VLANs seems to be mostly broken with Intel SR-IOV VF
-
I have an Intel 82599ES NIC and crated several virtual functions for it with SR-IOV. One of them was passed through to VM where pfSense is running.
Then on this ixv0 device I have created VLAN and assigned it to WAN.
The problem is that most of the time pfSense boot hangs on "Configuring VLAN interfaces..." for a very long time and then hangs on WAN as well and when it finally boots WAN doesn't work at all no matter what I try.
However, I noticed that occasionally it does work, when that happens, I see following line in OS boot logs right next to "Configuring VLAN interfaces...":
[fib_algo] inet.0 (bsearch4#20) rebuild_fd_flm: switching algo to radix4_lockless
When VLANs hang it doesn't show up until around the end of the boot or even after that.
Not sure what, but something seems broken. Anyone experienced anything like this before?
-
@nazar-pc I used to get errors like that a lot with my bare metal static block of IPs. I was able to create a VM for each Static IPv4 address and had it all working.
It eventually crashed but I think each VM may have needed a different localhost IP. Or I had dns errors.
Recently when getting radix lockless errors I would try forcing the routing algorithm to bnet(?) via a sysctl.
The Proxmox VM with public IPs was pretty neat and I wish I knew now what I did then. I was able to pause my virtual routers individually.
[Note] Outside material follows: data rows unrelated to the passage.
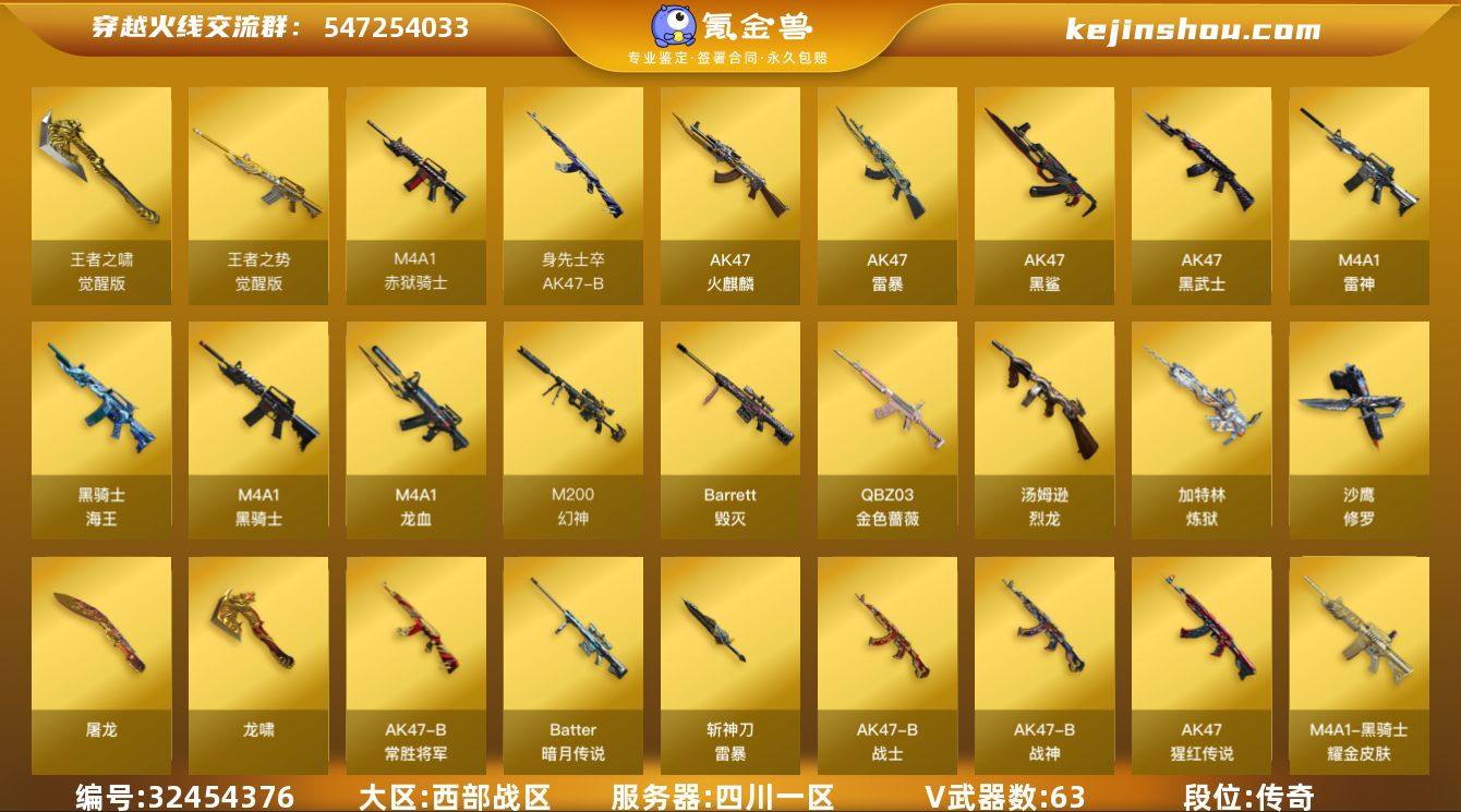 四川一区-67V-2王者武器数-0炫金武器数 【热门武器】:QBZ03-金色蔷薇,M200-幻神,M4A1-黑骑士,汤姆逊-烈龙*5,加特林-炼狱*2,斯泰尔-蝴蝶*2,USP-雷暴*2,沙鹰-修罗*3 【音效卡】:M200-幻神音效卡,M4A1-黑骑士音效卡,Barrett-毁灭音效卡 【皮肤】:M200-幻神-黄忠皮肤*2,雷神-耀金皮肤*2,雷神-宠儿-2019MVP,火麒麟-雷神,毁灭耀金皮肤,黑骑士耀金皮肤,战神-粉色甜心皮肤,战神-紫绶金章皮肤,战神-流金岁月皮肤,AK47-B-常胜将军-孙权,修罗-能量核心 【角色】:春,零·纪元,战地猎狐,王者-魅影,王者玲珑-小乔,乔伊教练,初恋灵狐,风暴女,嘉年华灵狐,灵狐者-黄金海岸,潘多拉-X,潜龙队-X,蜀雪,铁骑荣耀,王者-零-传说之路,雪莉杨,影武者-X 【人偶武器】:火麒麟-灵狐,斯泰尔-蝴蝶*2,AWM-灵狐-15周年嘉年华,COP-旗袍,迷你裂空之翼,闪光弹-小乔*2,闪光弹-貂蝉,高爆手雷-大乔 【暴走生化】:超级对讲机 【挑战大师】:神圣爆裂者-末日III 【英雄级武器】:AK47-火麒麟,M4A1-雷神,M4A1-黑骑士,AK47-黑武士,AK47-黑鲨*3,M4A1-龙血*3,AK47-雷暴,QBZ03-金色蔷薇,王者之势-觉醒版,AK-47-猩红传说,AK47-B-战神,黑骑士-海王,AK47-B-常胜将军...
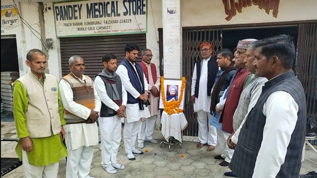 नगर पंचायत कुमारगंज अयोध्या। देश के पूर्व प्रधानमंत्री एवं दुनिया के प्रसिद्ध अर्थशास्त्री डॉ मनमोहन सिंह जी का कल रात दिल्ली एम्स में लम्बी बीमारी के चलते 92 वर्ष की आयु में निधन हो गया है। उनके निधन पर देशवासी शोकमग्न है जिसके चलते केंद्र सरकार ने देश में सात दिवसीय राष्ट्रीय शोक भी घोषित किया है
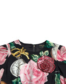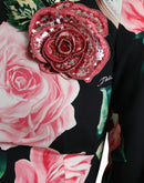 Gorgeous brand new with tags, 100% Authentic Dolce & Gabbana A-line dress. Fastened at the back with a zip and a hook. Decorated with a colorful rose print and floral embellishments.
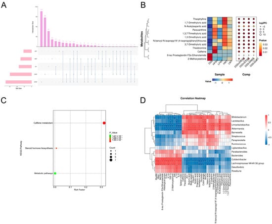 Volcano plots (Figure S3C) revealed 90 differential metabolites between the CK and DSS groups (40 up, 50 down; |log2FC| > 1, VIP > 1, p < 0.05). Relative to the DSS group, the HFWT, LFWT, HWT, and LWT groups exhibited 177 (133 up, 44 down), 148 (130 up, 18 down), 75 (45 up, 30 down), and 55 (41 up, 14 down) differentially abundant metabolites, respectively. Upset plot analysis identified 12 common differential metabolites across all treatment groups compared to DSS (Figure 8A), visualized in a heatmap/bubble plot (Figure 8B). Among these, 8-iso Prostaglandin F2α Ethanolamide and 2-Methoxyestrone were downregulated in all treatment groups. In contrast, caffeine, theobromine, paraxanthine, and 1,3,7-trimethyluric acid were highest in HFWT, while theophylline and three dimethyluric acids were highest in HWT. KEGG enrichment analysis indicated these metabolites were significantly associated with caffeine metabolism and steroid hormone biosynthesis (Figure 8C).
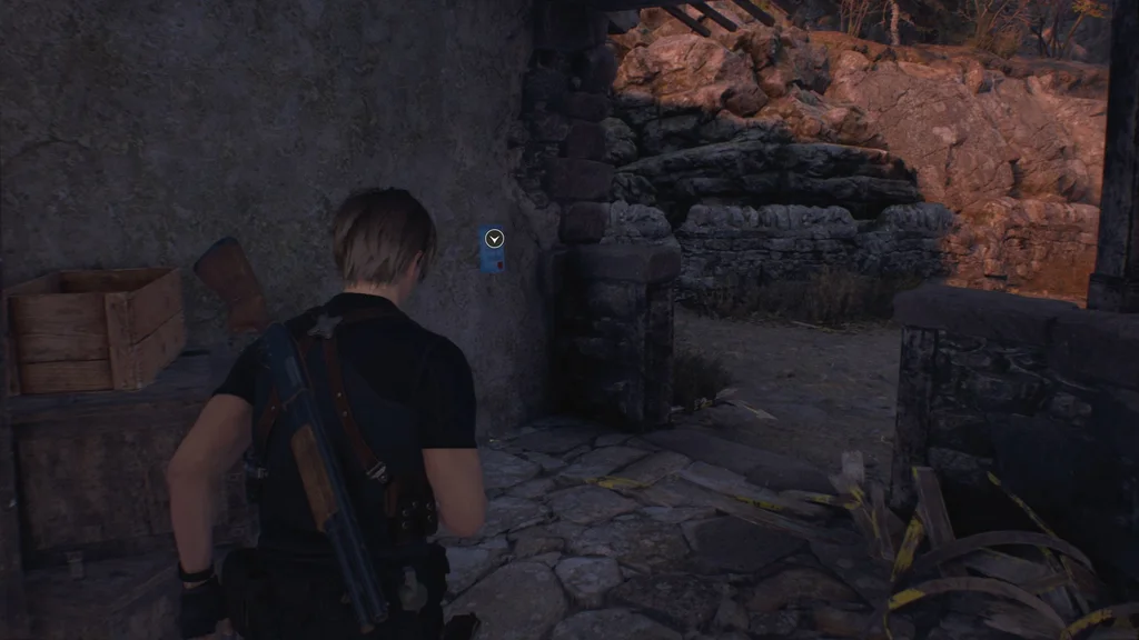 Очікуйте, що більше жителів села прийдуть тим самим шляхом, яким ви прийшли, тож переконайтеся, що ви закрили всі свої тили, щоб вас не схопили чи не напали ззаду, доки все не заспокоїться. Не забудьте пограбувати всі бочки на цій другій доріжці, перш ніж продовжити, і подивіться праворуч від південного пандусу, щоб побачити ще один синій медальйон у щілині між дерев’яними дошками біля стіни.
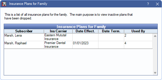 To view all plans associated with a family, click the Add Insurance dropdown menu, then click Plans for Family.
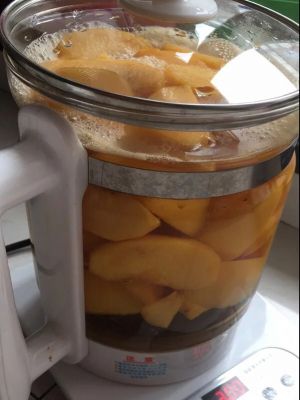 将四分之一的桃肉放入养生壶,添加250g糖,我的养生壶是2L的,而且想多喝桃汁,就放了四分之一桃肉进去,煮30分钟
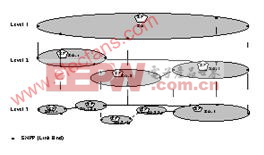 图4给出路由域的一个示例,高层路由域(父)RA包含低层路由域(子)RA.1, RA.2和 RA.3。同样,RA.1和RA.2进一步包含路由域RA.1.x和RA.2.x。
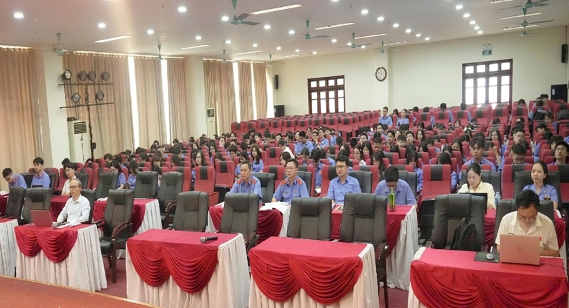 | Điểm cầu trung tâm tại Hội trường xét xử TAND khu vực 1 kết nối trực tuyến với điểm cầu VKSND khu vực 1 và Trường Đại học Kiểm sát. |
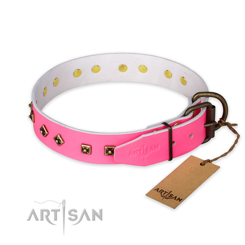 Pink Leather Dog Collar with Decor for Everyday Walking
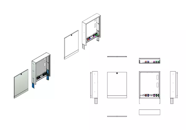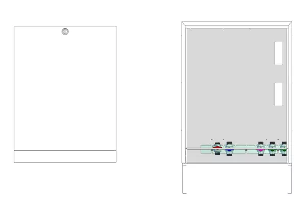 Modul 1, bestehend aus Schrank mit Anschlussleiste für modulare Bauweise der Frischwasser-Wohnungsstation Friwara-W22-AP.
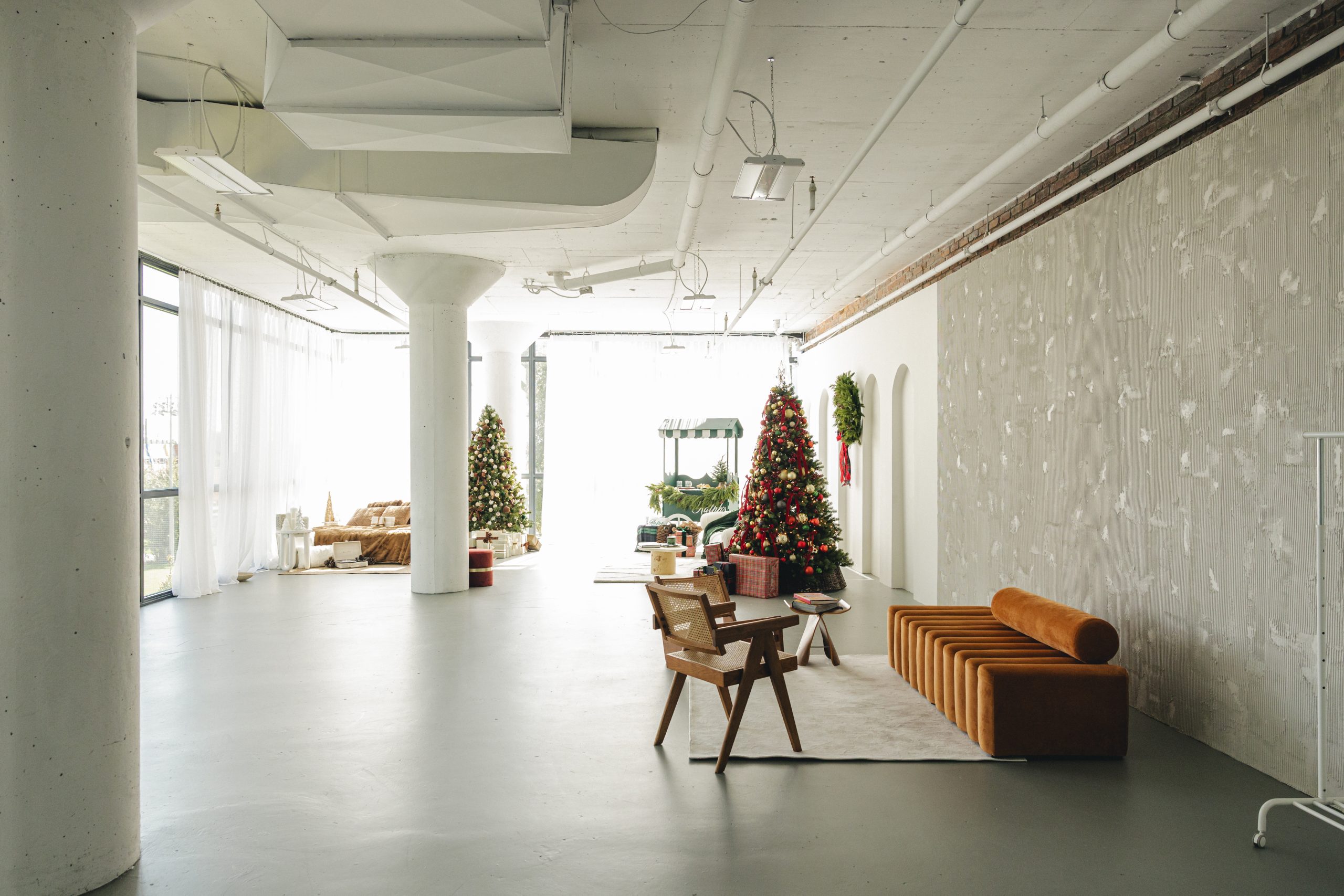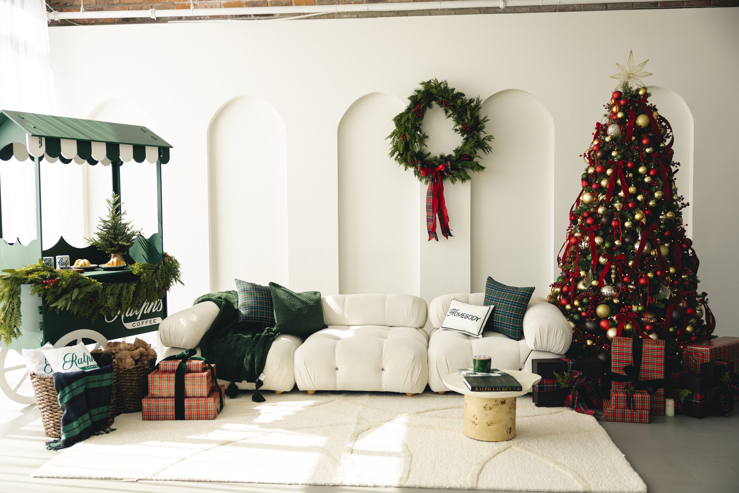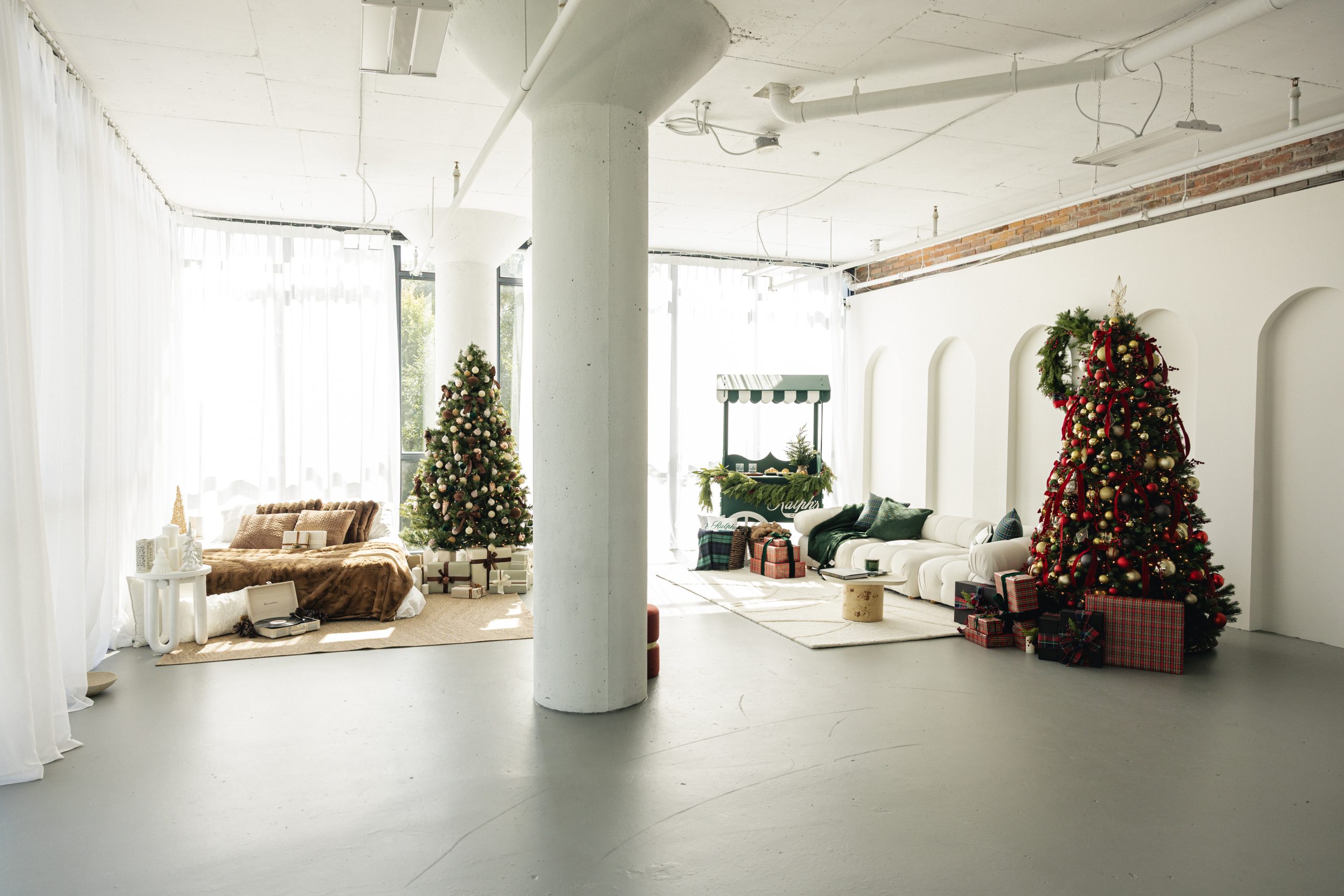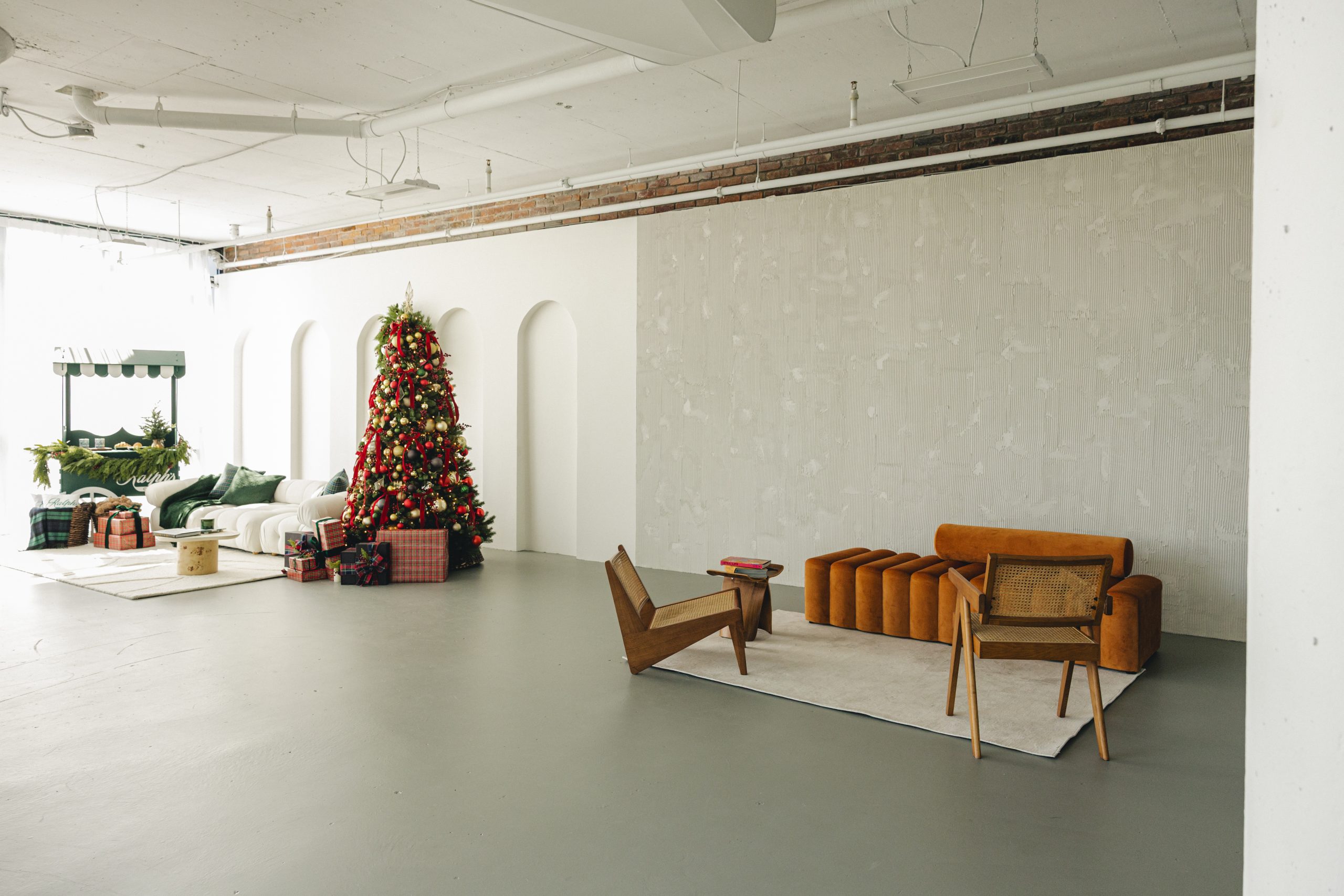From October 1st to December 31st, 2025, we will have a Christmas installation set up near the arches and the bedroom corner. All of our other non-holiday walls — the beige accent wall, the white board, and the accent wall — will remain unchanged.
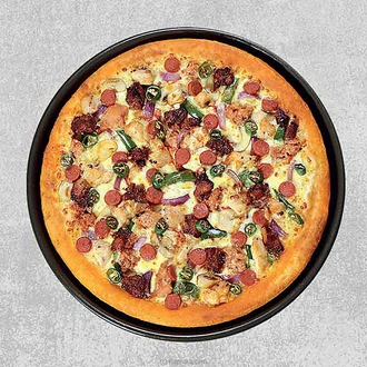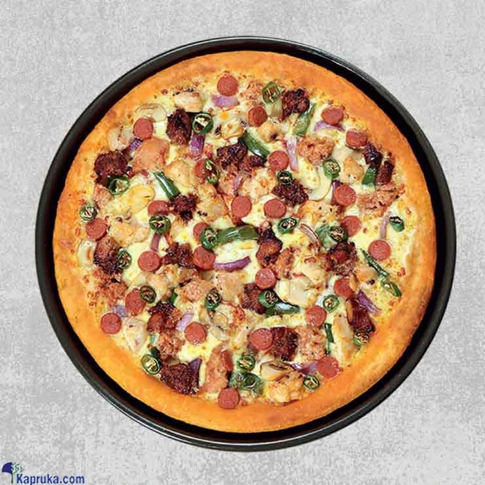 A combination of BBQ chicken, chicken bacon, chicken sausage & an all new roast chicken, accompanied with the freshest green pepper, mushroom, onion and green chilli, blanketed with delicious mozzarella cheese,
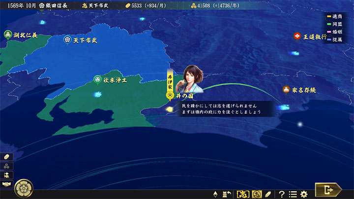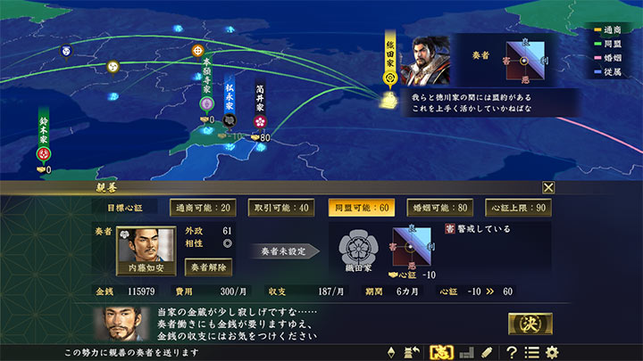織田家との同盟関係から生ずる効果をより引き出す「志特性」。同盟勢力との交渉が有利に働く、同盟勢力と同じ方策を採用した場合は必要な施策力を抑えられるなど、同盟勢力が大きいほど、自身の勢力運営が楽になる。
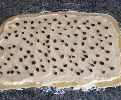 6. Pudding auf den Teig streichen und Rosinen darauf verteilen. - 7. Teig aufrollen und in ca. 8-10 gleichgroße Schnecken schneiden.

BUT, don't recommend that. Maybe in the far future.
You may need to remove vlan1 off of your network entirely. And changing localhost IPs may not be a bad way to go the range is 127.0.0.1-127.255.255.255 but I cannot say if that is changeable in pfSense.
It is also possible that PCI hardware address and msix mapping are creating internal routing conflicts. Like, if your whitebox mobo has a built in WiFi chip or USB interfaces or a PS2 interface, everything is autodetected normally by the kernel.
You may want to set up firewall rules in the parent hypervisor too. Proxmox lets you segregate VMs.
-
@nazar-pc also maybe vlans on the wan should only be a type-2 hypervisor and you may need to tag the vlans in the hypervisor itself too. The number of virtual cores on the VM and how they are mapped to the NIC matter too.
https://forums.freebsd.org/threads/fib_algo-inet-0-bsearch4-20-rebuild_fd_flm-switching-algo-to-radix4_lockless.91474/
Also, if this helps. IOMMU groups get complicated.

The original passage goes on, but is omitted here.